*What the task asks:*
Each line of the listing below must be retyped exactly, with images left out.

*Given data:*
○ ○ ○ ○

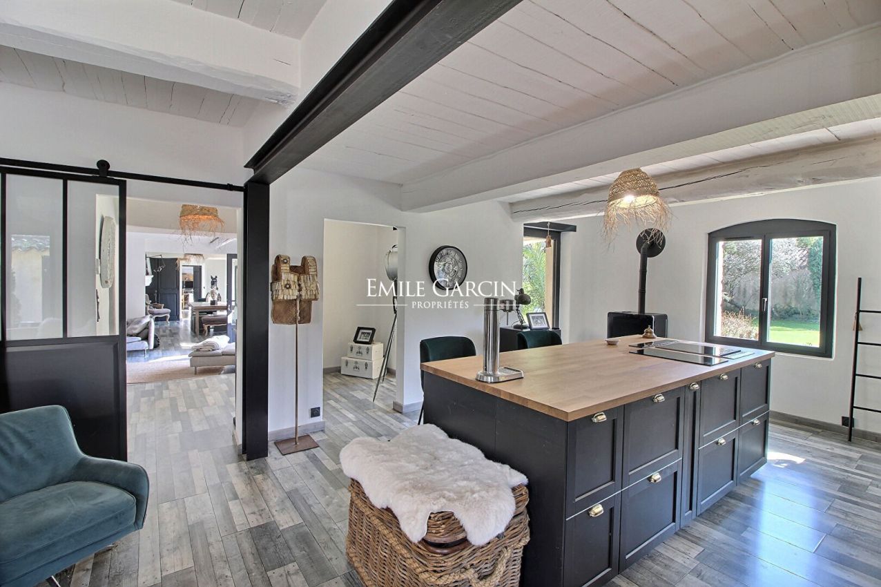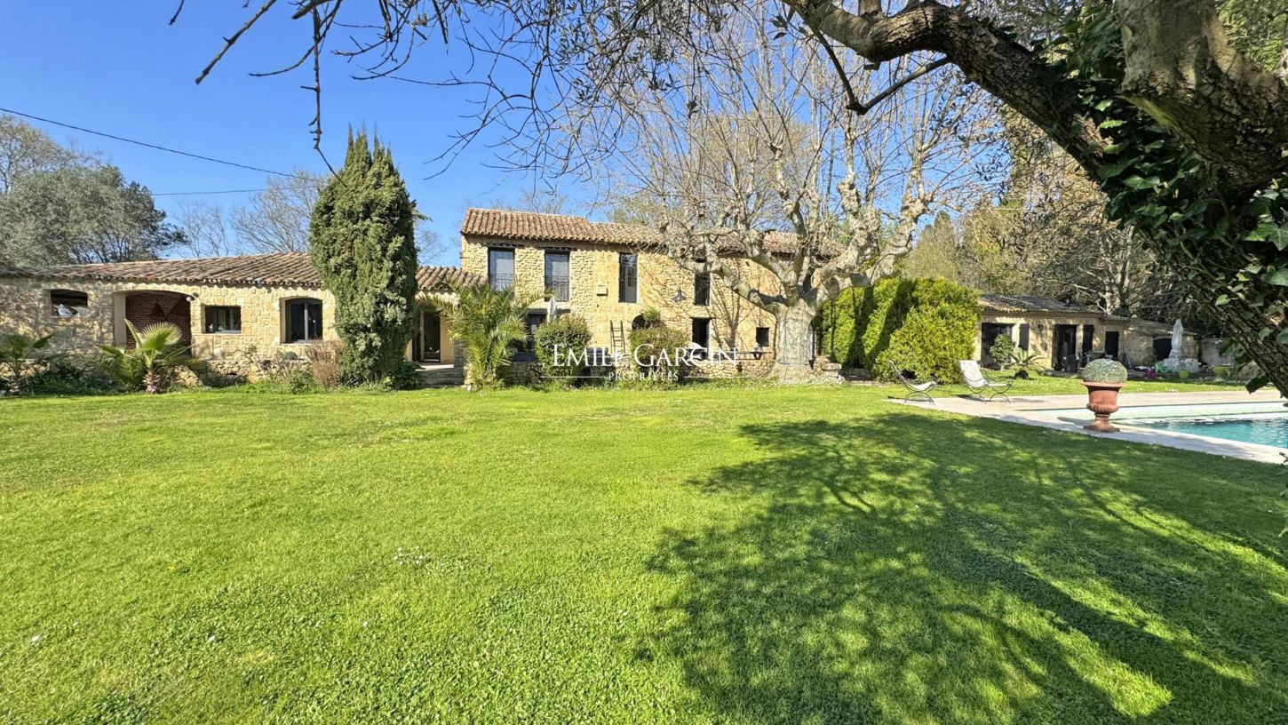 Située à proximité immédiate du village de Grans, à 30 minutes d'Aix-en-Provence, cette propriété pleine de charme bénéficie d'un environnement paysager, à l'abri des regards. Entièrement rénové, le mas présente en rez-de-chaussée une grande cuisine dinatoire, un salon, une salle à manger avec cheminée et un bureau, pouvant aisément être aménagé en chambre de plain-pied. A l'étage, vous découvrirez deux belles chambres, deux salles d'eau ainsi qu'un dressing. Une maison d'amis attenante et pouvant être ouverte sur la maison principale, présente de plain-pied une pièce de vie avec cuisine ouverte, une grande chambre et une salle d'eau. L'ensemble est très lumineux et bénéficie de tout le confort moderne. Le jardin, doté de très beaux arbres et d'une agréable piscine, est complété par plusieurs terrasses dont une grande terrasse couverte permettant de profiter de l'extérieur en toute saison.
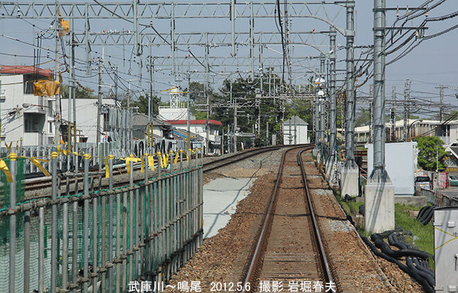 武庫川信号場付近から高架工事区間になる。すでに上り線は仮線に移っている。
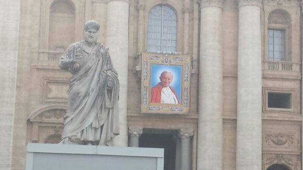 Nella giornata di venerdì 25 aprile sono già stati esposti i due arazzi raffiguranti i due pontefici che domenica saranno canonizzati: a sinistra, guardando la facciata di San Pietro, Papa Giovanni Paolo II, a destra Papa Roncalli.
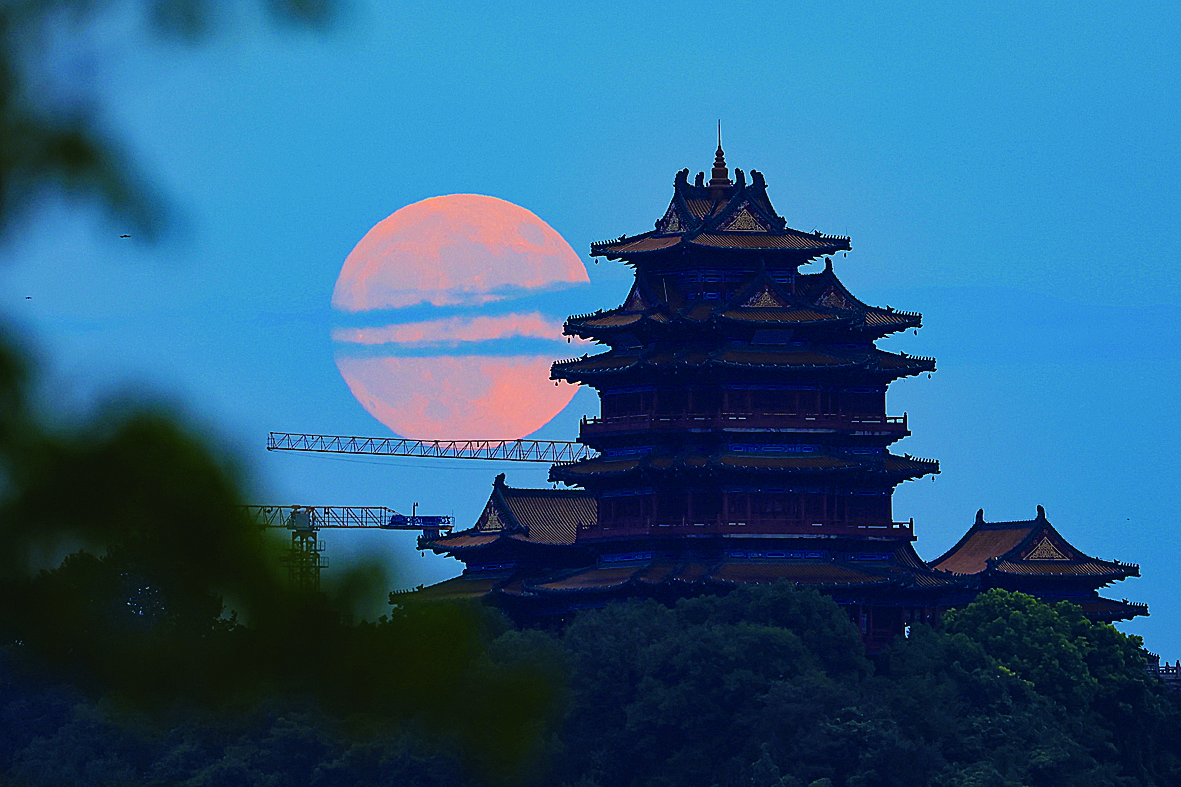 中秋月明,神州各地人们同赏一轮明月,欢度传统佳节。9月17日,圆月与南京阅江楼相映成趣。新华社发

○ ○ ○ ○

*Result for this task:*
 Située à proximité immédiate du village de Grans, à 30 minutes d'Aix-en-Provence, cette propriété pleine de charme bénéficie d'un environnement paysager, à l'abri des regards. Entièrement rénové, le mas présente en rez-de-chaussée une grande cuisine dinatoire, un salon, une salle à manger avec cheminée et un bureau, pouvant aisément être aménagé en chambre de plain-pied. A l'étage, vous découvrirez deux belles chambres, deux salles d'eau ainsi qu'un dressing. Une maison d'amis attenante et pouvant être ouverte sur la maison principale, présente de plain-pied une pièce de vie avec cuisine ouverte, une grande chambre et une salle d'eau. L'ensemble est très lumineux et bénéficie de tout le confort moderne. Le jardin, doté de très beaux arbres et d'une agréable piscine, est complété par plusieurs terrasses dont une grande terrasse couverte permettant de profiter de l'extérieur en toute saison.
 武庫川信号場付近から高架工事区間になる。すでに上り線は仮線に移っている。
 Nella giornata di venerdì 25 aprile sono già stati esposti i due arazzi raffiguranti i due pontefici che domenica saranno canonizzati: a sinistra, guardando la facciata di San Pietro, Papa Giovanni Paolo II, a destra Papa Roncalli.
 中秋月明,神州各地人们同赏一轮明月,欢度传统佳节。9月17日,圆月与南京阅江楼相映成趣。新华社发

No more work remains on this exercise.